# Your task
Once you find the line with "Банер за рожден" in the listing below, set down exactly every line from it through the line with "Denne blodige sygeplejerske", but no pictures.

# Records shown
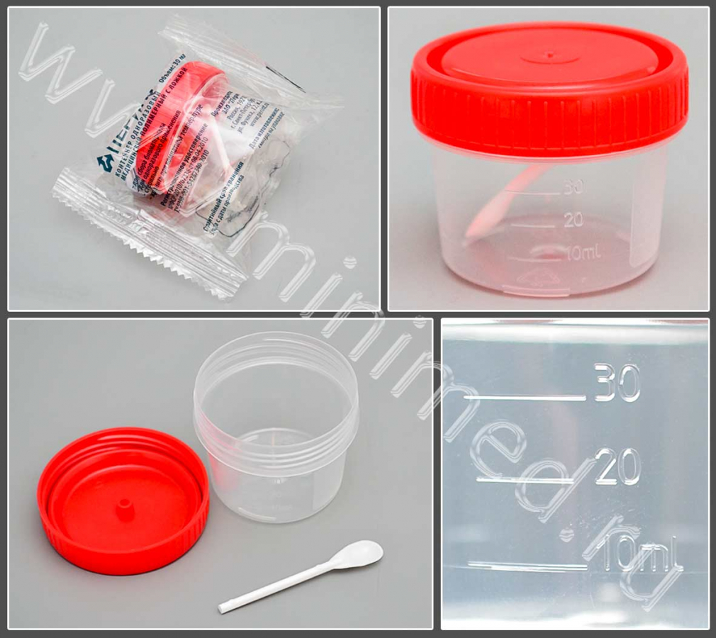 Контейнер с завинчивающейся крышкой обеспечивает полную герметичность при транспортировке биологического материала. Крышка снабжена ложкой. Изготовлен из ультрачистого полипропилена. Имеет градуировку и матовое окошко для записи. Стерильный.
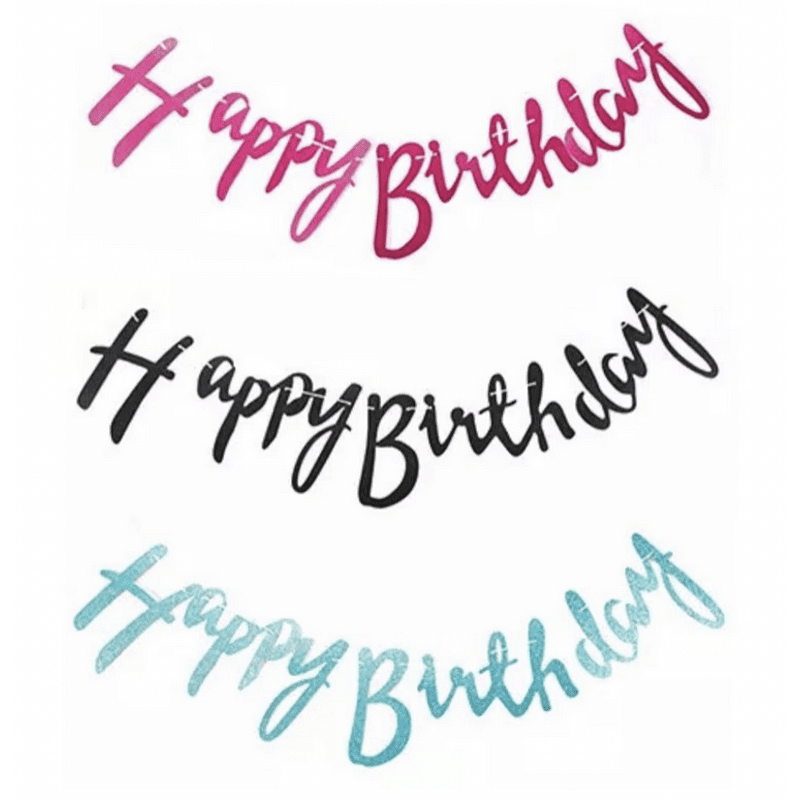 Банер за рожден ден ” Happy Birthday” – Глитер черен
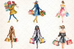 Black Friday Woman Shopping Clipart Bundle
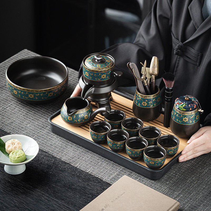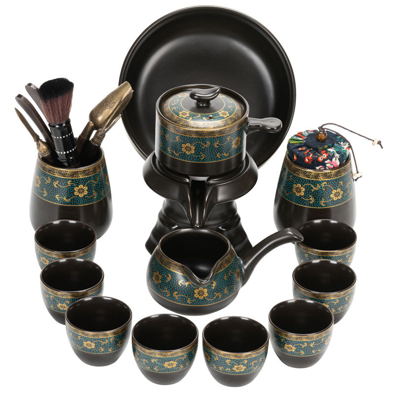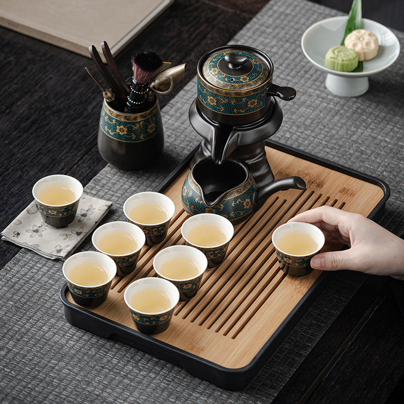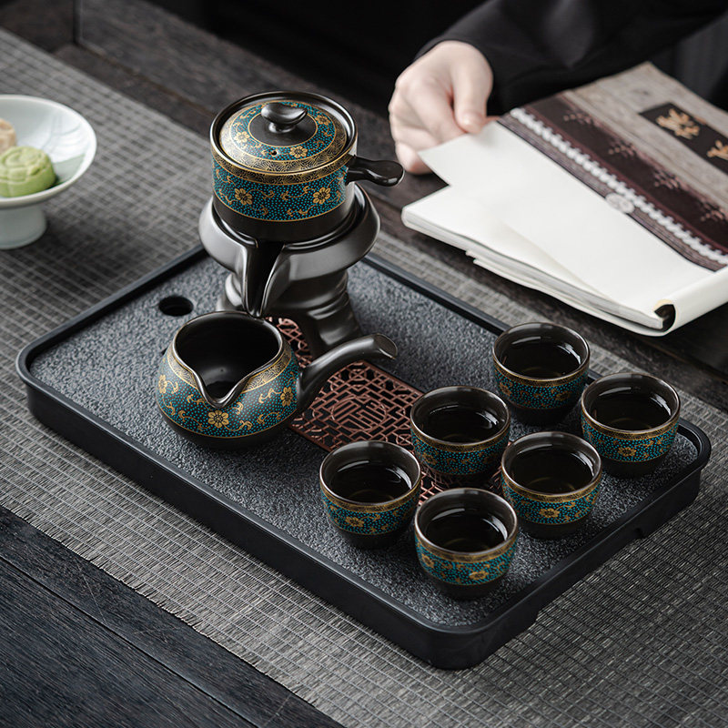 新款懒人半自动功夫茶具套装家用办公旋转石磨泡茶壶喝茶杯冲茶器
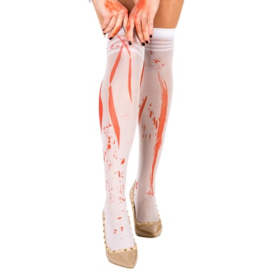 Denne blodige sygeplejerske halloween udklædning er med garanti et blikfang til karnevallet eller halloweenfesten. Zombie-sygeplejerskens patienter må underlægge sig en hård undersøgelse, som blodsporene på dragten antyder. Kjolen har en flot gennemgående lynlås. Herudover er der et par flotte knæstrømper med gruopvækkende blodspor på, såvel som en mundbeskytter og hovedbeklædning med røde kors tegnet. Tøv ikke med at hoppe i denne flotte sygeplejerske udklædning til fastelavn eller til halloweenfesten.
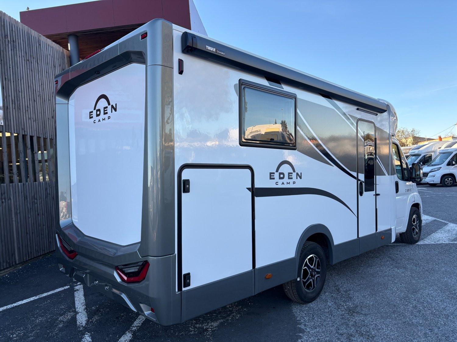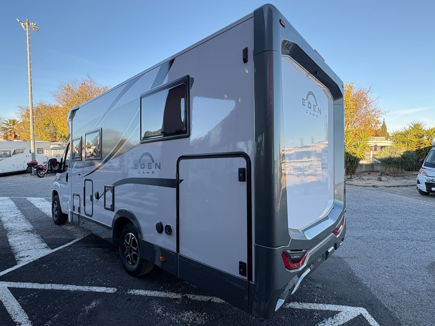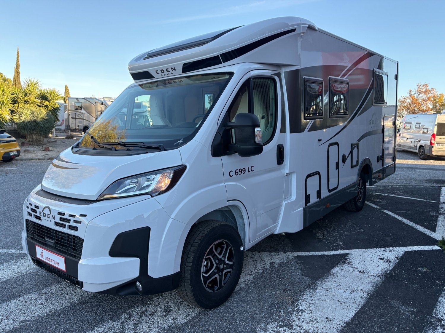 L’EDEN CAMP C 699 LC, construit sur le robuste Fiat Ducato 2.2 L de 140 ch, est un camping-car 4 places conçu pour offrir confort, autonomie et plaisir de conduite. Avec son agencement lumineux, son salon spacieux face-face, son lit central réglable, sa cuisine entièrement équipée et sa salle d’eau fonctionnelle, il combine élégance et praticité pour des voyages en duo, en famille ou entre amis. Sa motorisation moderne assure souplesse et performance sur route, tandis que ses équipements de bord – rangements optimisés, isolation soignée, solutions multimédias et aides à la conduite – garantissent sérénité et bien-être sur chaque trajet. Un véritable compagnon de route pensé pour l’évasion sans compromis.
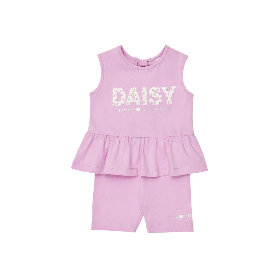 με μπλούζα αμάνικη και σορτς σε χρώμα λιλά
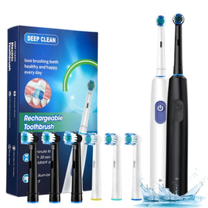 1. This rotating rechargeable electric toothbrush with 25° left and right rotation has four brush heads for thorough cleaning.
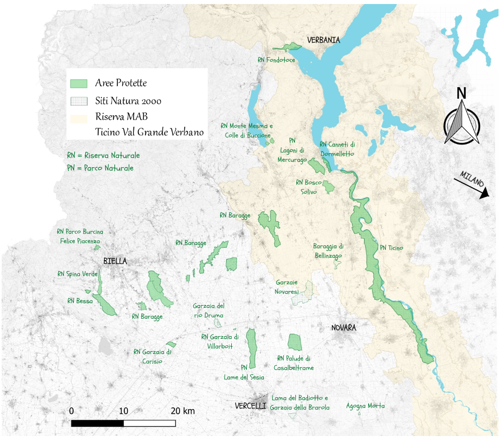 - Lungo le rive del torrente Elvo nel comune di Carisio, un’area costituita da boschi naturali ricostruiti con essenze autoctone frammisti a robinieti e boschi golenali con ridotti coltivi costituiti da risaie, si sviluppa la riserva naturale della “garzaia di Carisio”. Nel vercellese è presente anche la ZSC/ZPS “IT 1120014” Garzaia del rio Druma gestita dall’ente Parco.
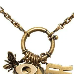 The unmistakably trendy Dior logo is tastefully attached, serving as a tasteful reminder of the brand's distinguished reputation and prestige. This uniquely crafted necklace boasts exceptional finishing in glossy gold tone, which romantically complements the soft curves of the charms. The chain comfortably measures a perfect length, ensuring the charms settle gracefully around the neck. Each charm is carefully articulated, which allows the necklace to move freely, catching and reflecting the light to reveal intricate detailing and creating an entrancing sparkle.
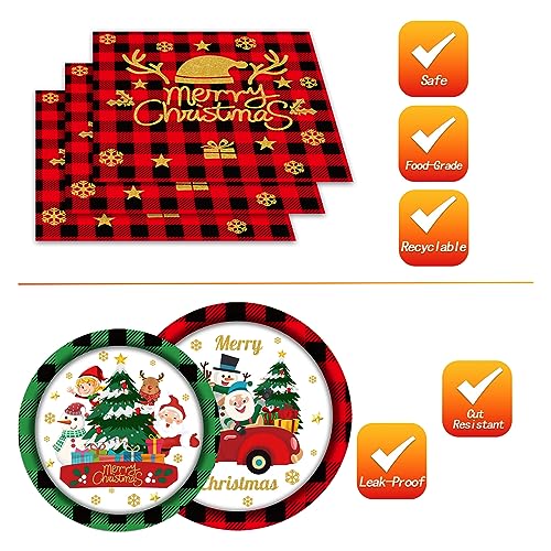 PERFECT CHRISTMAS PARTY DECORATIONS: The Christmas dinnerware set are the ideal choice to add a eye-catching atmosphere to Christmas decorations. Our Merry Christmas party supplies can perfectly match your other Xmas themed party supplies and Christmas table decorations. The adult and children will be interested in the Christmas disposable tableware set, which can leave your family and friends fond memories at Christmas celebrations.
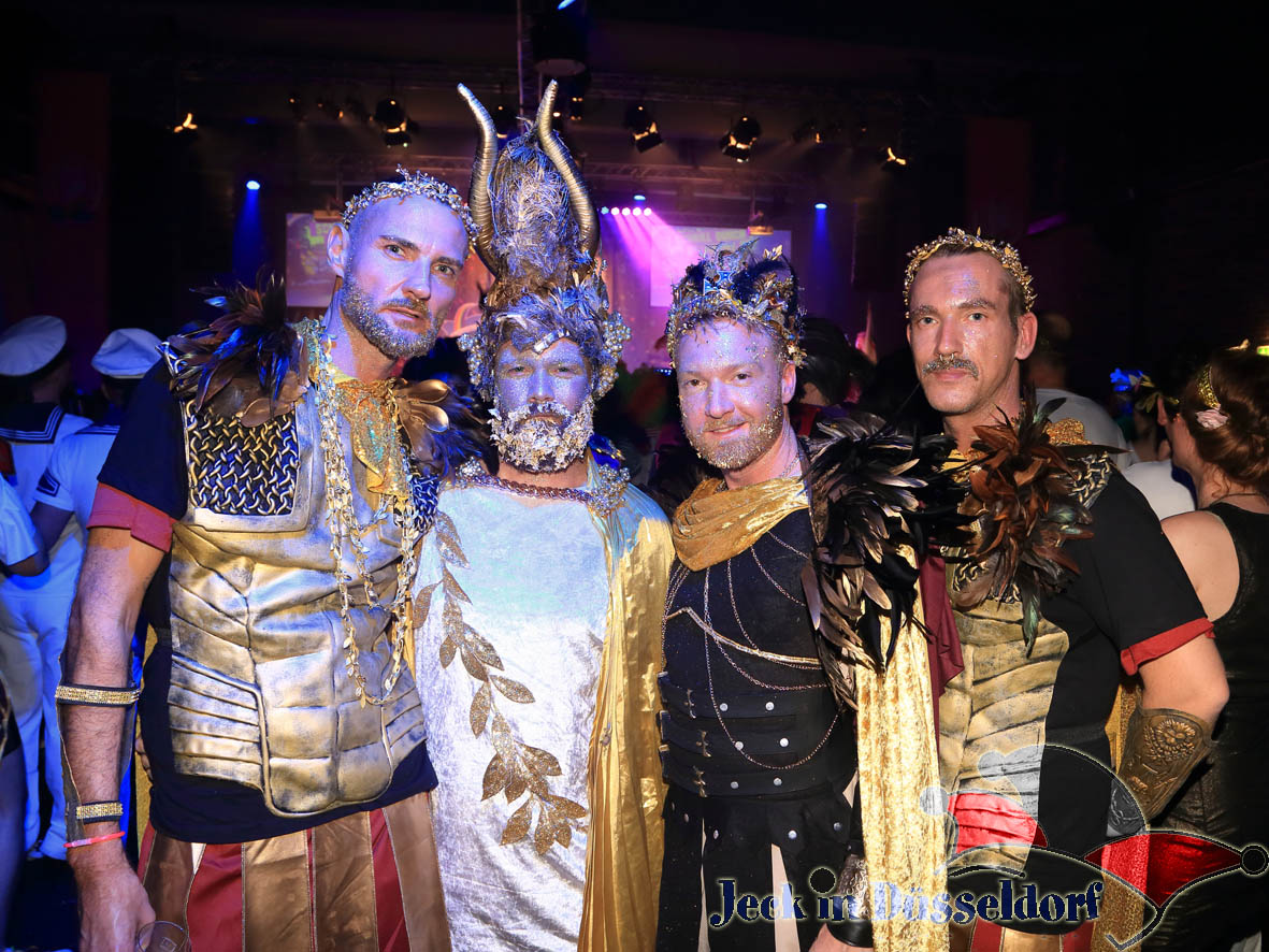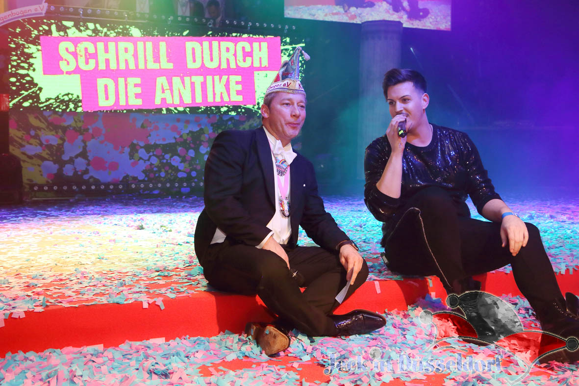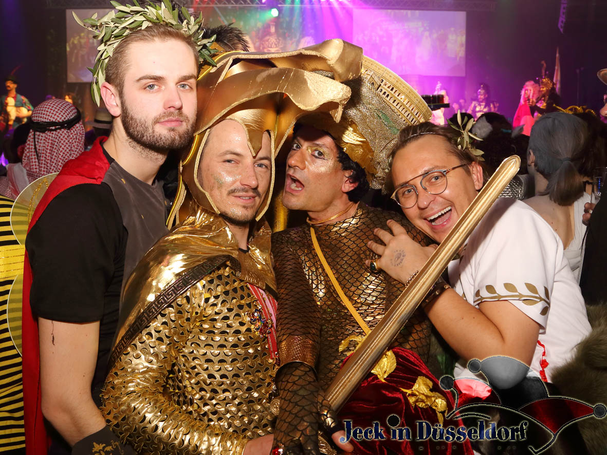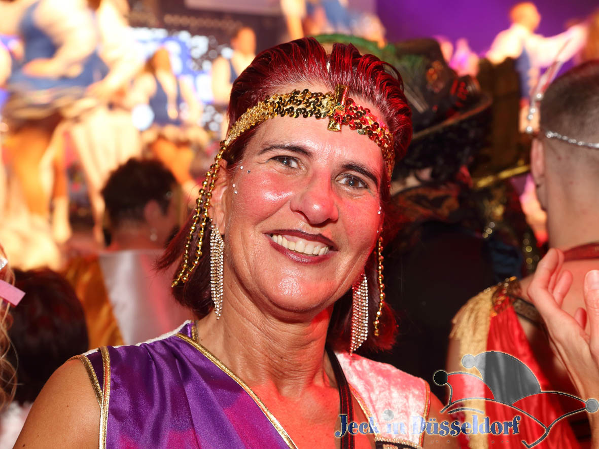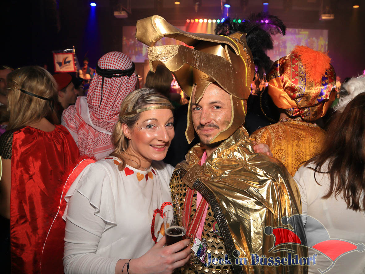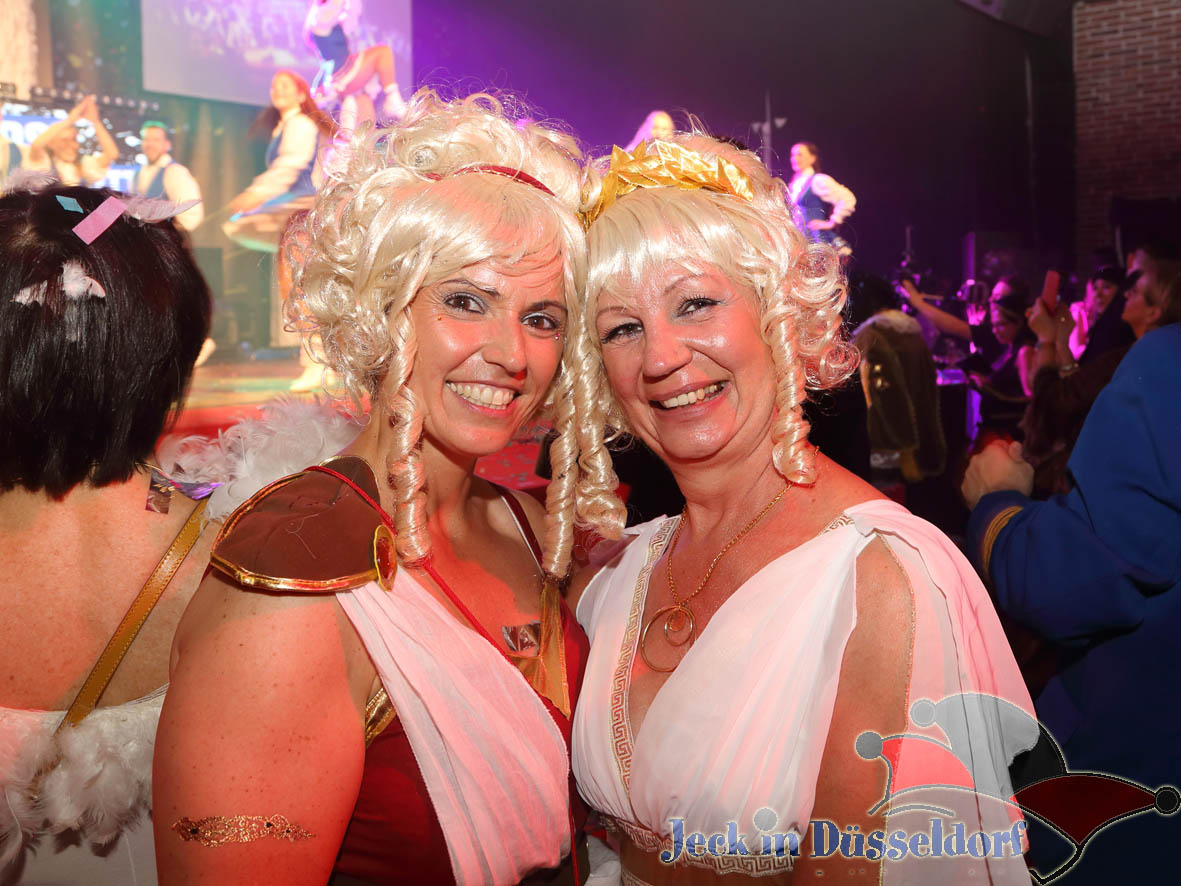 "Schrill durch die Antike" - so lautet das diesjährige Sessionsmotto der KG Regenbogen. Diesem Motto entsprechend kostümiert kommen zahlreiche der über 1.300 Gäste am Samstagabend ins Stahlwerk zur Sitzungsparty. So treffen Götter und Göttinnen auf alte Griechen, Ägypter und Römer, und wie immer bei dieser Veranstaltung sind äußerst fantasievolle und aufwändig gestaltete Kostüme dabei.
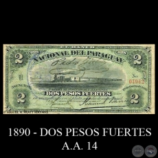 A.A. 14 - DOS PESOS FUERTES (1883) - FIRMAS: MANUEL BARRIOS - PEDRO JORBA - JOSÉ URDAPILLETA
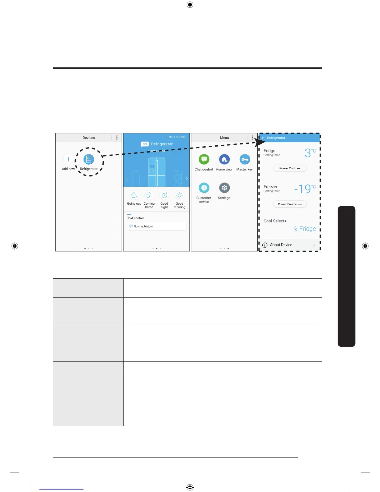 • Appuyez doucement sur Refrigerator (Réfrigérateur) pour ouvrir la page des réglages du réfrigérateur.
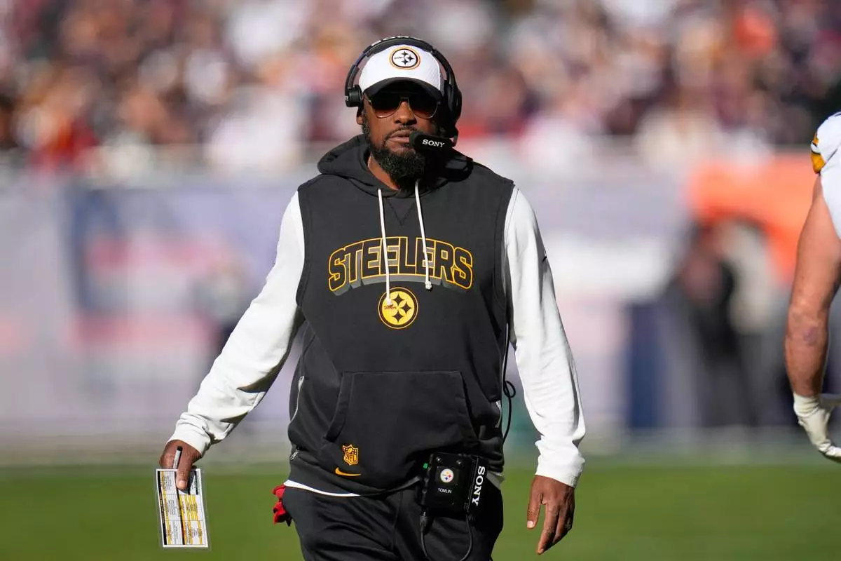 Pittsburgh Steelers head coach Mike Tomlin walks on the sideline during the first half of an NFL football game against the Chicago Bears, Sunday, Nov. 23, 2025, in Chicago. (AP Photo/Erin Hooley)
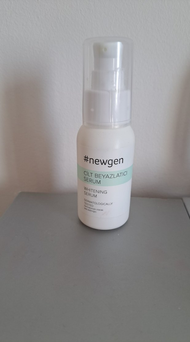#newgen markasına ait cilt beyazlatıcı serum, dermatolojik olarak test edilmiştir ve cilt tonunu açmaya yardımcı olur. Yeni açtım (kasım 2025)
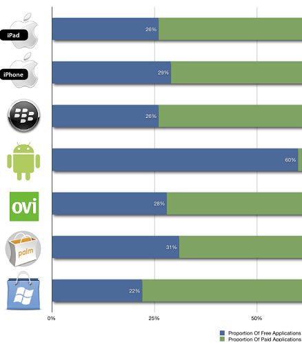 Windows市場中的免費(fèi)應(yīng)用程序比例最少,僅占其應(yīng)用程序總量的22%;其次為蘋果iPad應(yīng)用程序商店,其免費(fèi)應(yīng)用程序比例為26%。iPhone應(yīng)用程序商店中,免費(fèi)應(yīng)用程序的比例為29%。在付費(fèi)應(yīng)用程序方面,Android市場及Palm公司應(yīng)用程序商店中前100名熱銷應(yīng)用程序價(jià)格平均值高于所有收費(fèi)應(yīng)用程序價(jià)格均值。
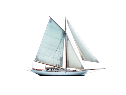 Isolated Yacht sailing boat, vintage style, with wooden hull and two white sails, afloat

# Finished task
 Банер за рожден ден ” Happy Birthday” – Глитер черен
 Black Friday Woman Shopping Clipart Bundle
 新款懒人半自动功夫茶具套装家用办公旋转石磨泡茶壶喝茶杯冲茶器
 Denne blodige sygeplejerske halloween udklædning er med garanti et blikfang til karnevallet eller halloweenfesten. Zombie-sygeplejerskens patienter må underlægge sig en hård undersøgelse, som blodsporene på dragten antyder. Kjolen har en flot gennemgående lynlås. Herudover er der et par flotte knæstrømper med gruopvækkende blodspor på, såvel som en mundbeskytter og hovedbeklædning med røde kors tegnet. Tøv ikke med at hoppe i denne flotte sygeplejerske udklædning til fastelavn eller til halloweenfesten.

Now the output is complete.